A entendre leur funk bubblegum ensoleillé, on les croirait venus tout droit des côtes californiennes. Pourtant, c’est sur les bancs de l’école de musique de l’Université du Michigan que se sont rencontrés Jack Stratton (guitare, clavier, batterie), Theo Katzman (guitare, chant, batterie), Woody Goss (clavier) et Joe Dart (basse). Outre l’humour potache et le ton décalé, les bougres partagent une absolue révérence des mêmes références : ils vouent une admiration sans bornes aux musiciens de session américains des années 60 comme les Funk Brothers de la Motown, le Wrecking Crew de L.A. ou les Swampers de Muscle Shoals. A l’image de ces historiques escouades, les 4 larrons créent Vulfpeck, collectif virtuose à consonance germanique composé de leur noyau dur autour duquel gravitent quelques contributeurs réguliers comme Cory Wong, Antwaun Stanley, Christine Hucal, Charles Jones, et Joey Dosik (dont nous reparlerons plus bas). Une grande et belle famille d’adoption, menée par ces geeks obsédés par le son (au point de créer et vendre un compresseur de leur invention, ou encore un livre compilant des représentations graphiques de leurs rythmiques préférées). Le public de Vulfpeck est d’ailleurs à l’image du groupe, aussi geek que mélomane, capable de chanter en chœur une ligne de basse nébuleuse de Joe Dart ou de faire des polyphonies à 3 voix sur le refrain de « Back Pocket ». Pas vraiment le public de Michel Sardou…

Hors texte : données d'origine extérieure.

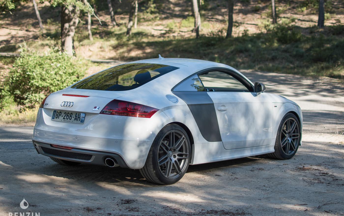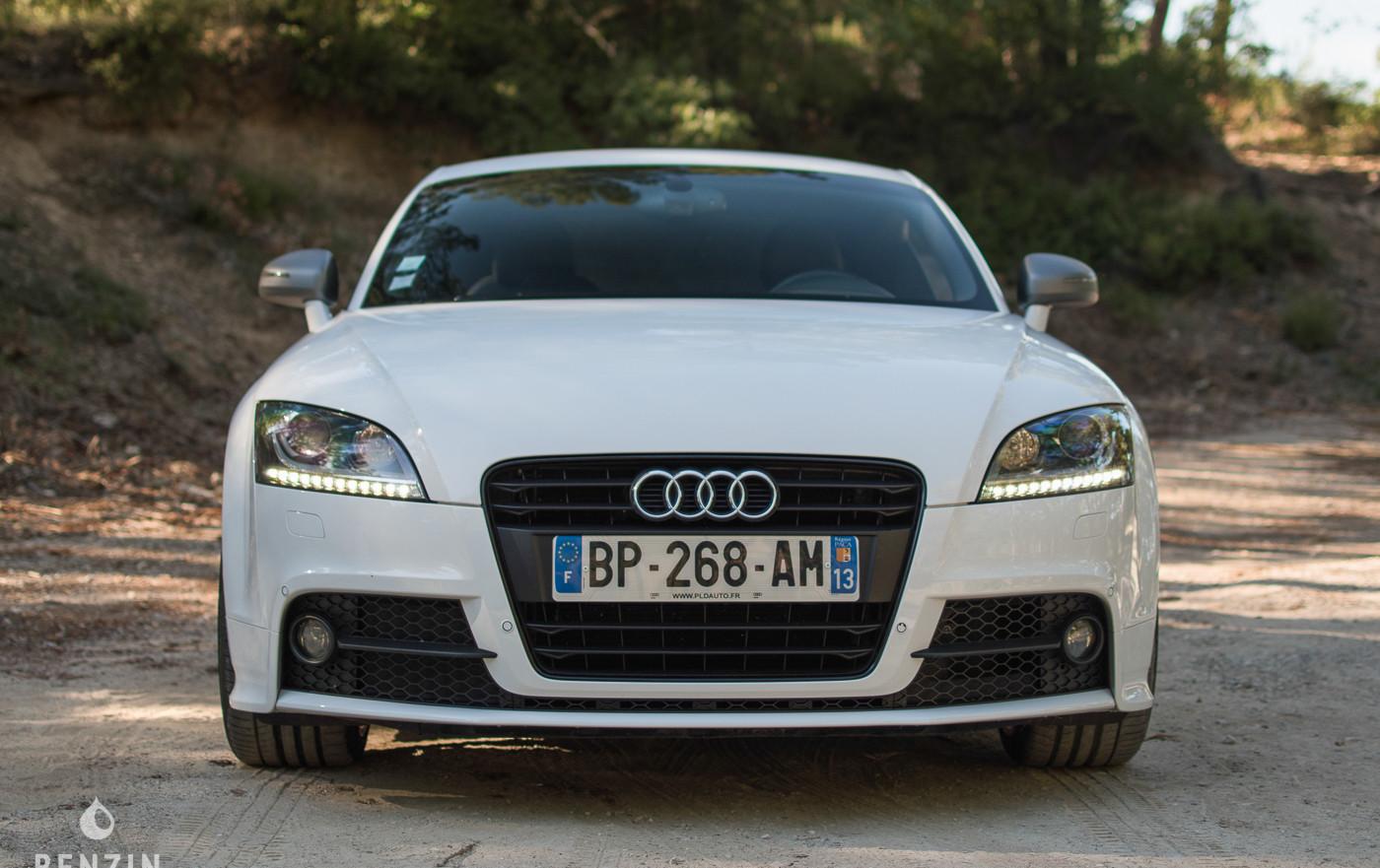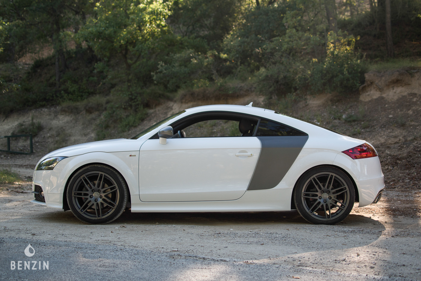 On the outside, the white paint shows no major flaws. The owner indicates that the car has been customized with an R8 kit from the Belgian company "Caractère". On the factory equipment side, this TT has the S-Line pack and the led pack.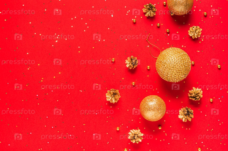 Рождественская композиция на красном фоне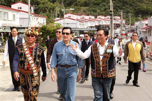馬英九總統今(5)日上午偕同吳敦義副總統前往臺東縣金峰鄉視察「嘉蘭天空步道」與防落石整修工程,及訪視嘉蘭村在地產業重建情形,午間並與嘉蘭村永久屋居民午餐,親自體驗部落建築之美與所代表的文化意涵。
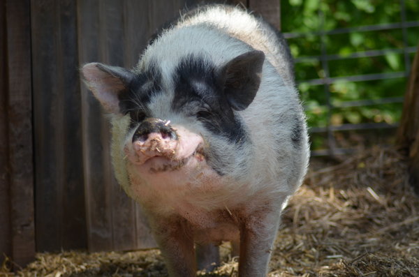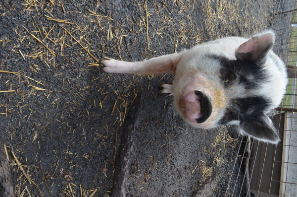 Bubba is a very handsome boy in need of an experienced piggy home. He is still slightly aggressive but appears it is mainly due to a fear of quick movements and loud noises. He was born September 21, 2010 and was neutered at 4 months. We are very hopeful his behavior will turn around with more time and affection. Bubba has been spending time with two larger black pigs naed Corina and Cynthia, which has helped him with some pig behaviors. Bubba is a medium sized pig.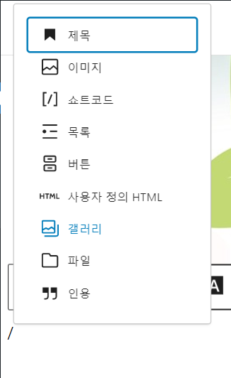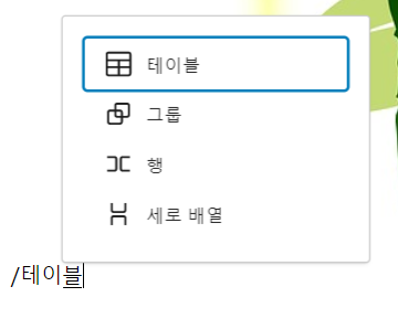 참고로 블록 에디터에서 블록을 삽입할 때에는 슬래시([**/**])를 입력하면 자주 사용하는 블록들이 표시됩니다.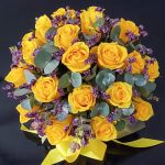 Классическая композиция в шляпной коробке из 21 яркой жёлтой розы, эвкалипта и стабилизированного лимониума
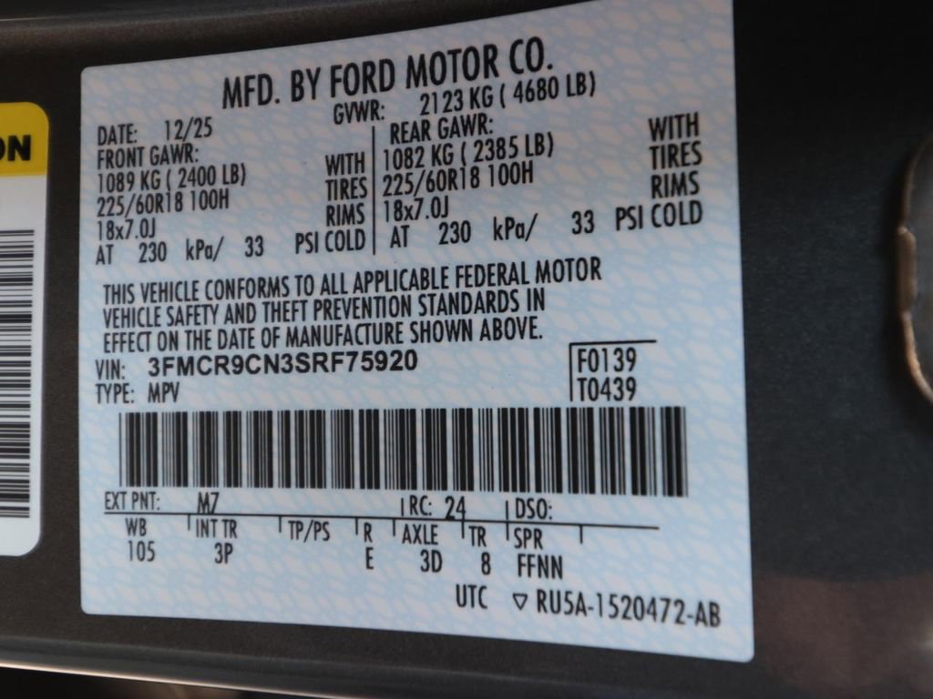 • VIN # 3FMCR9CN3SRF75920

Sur leur 3e album « Mr. Finish Line », sorti en novembre dernier, on retrouve à nouveau leur funk candide patenté, mais aussi des explorations sonores heureuses allant de la composition instrumentale qui n’aurait pas dénoté comme générique d’un sitcom US des années 80 (ce qui n’est pas péjoratif sous notre plume) à un hommage à peine déguisé au  « Jealous Guy » de Donny Hathaway.

Point d’orgue de l’album, le merveilleux « Running Away », notre morceau du jour. Cette ballade soul intimiste qui figurait dans le répertoire du membre de la famille élargie Joey Dosik depuis quelques années bénéficie ici d’un relooking ambitieux grâce aux contributions de Vulfpeck et de 2 invités de marque : le mythique maître du groove James Gadson à la batterie et David T. Walker (Jackson 5, Stevie Wonder…) à la guitare. Les harmonies subtiles et aériennes de la composition sont sublimées par ce traitement soul vintage, Joey Dosik use de sa voix aussi chaleureuse que les accords de son Wurlitzer pour vous attendrir et les back vocals achèvent de vous donner la chair de poule : un véritable baume réparateur pour l’âme, un pur instant de bliss auditif…

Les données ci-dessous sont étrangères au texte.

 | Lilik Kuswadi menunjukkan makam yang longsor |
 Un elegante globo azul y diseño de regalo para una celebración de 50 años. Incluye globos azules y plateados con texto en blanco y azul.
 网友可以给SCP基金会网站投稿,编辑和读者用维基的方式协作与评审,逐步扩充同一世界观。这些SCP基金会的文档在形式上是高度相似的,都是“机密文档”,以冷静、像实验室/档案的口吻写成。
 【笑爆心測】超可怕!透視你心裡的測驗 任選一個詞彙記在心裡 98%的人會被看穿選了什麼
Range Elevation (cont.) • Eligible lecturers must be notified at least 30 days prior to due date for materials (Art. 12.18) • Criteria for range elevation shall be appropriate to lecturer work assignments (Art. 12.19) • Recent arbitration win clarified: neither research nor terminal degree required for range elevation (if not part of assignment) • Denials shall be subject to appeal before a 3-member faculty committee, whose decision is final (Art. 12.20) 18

Vulfpeck est rompu à l’exercice de l’autopromotion à l’ère numérique et sait se mettre en scène : par le biais de la vidéo qui figure en bas de cet article, le groupe nous ouvre les portes de la session d’enregistrement qui donna naissance à ce morceau. Pour notre plus grand plaisir, nous sommes les témoins muets de cette session à l’ancienne, et de l’osmose entre jeunes virtuoses aux vieilles âmes et vétérans encore verts dans la création d’un bijou soul  sans âge puisque intemporel.

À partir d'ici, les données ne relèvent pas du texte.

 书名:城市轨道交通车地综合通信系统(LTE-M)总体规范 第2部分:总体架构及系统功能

Talentueux, affable, bien mis de sa personne, le jeune Dosik semble également être fan de basket si l’on en juge par ses T-shirts des Lakers et de la Dream Team, ou son « Game Winner » qui évoque des métaphores du monde de la balle orange. Soul et basketball, chez Flagrant Soul, forcément ça nous parle. Aucune faute de goût donc : ce jeune homme en deviendrait presque agaçant… Dernière précision pour nos ami(e)s parisien(ne)s amateur(e)s de soul, Joey Dosik viendra présenter son EP « Game Winner » en live le 19 mai prochain au Pop-Up du Label.

Sur ce, on vous souhaite un excellent dimanche, quel que soit votre programme du jour. Pour notre part, on ne sera pas loin de nos enceintes, agitant la tête avec un sourire de benêt aux lèvres, un de ces petits plaisirs simples que la vie sait nous offrir.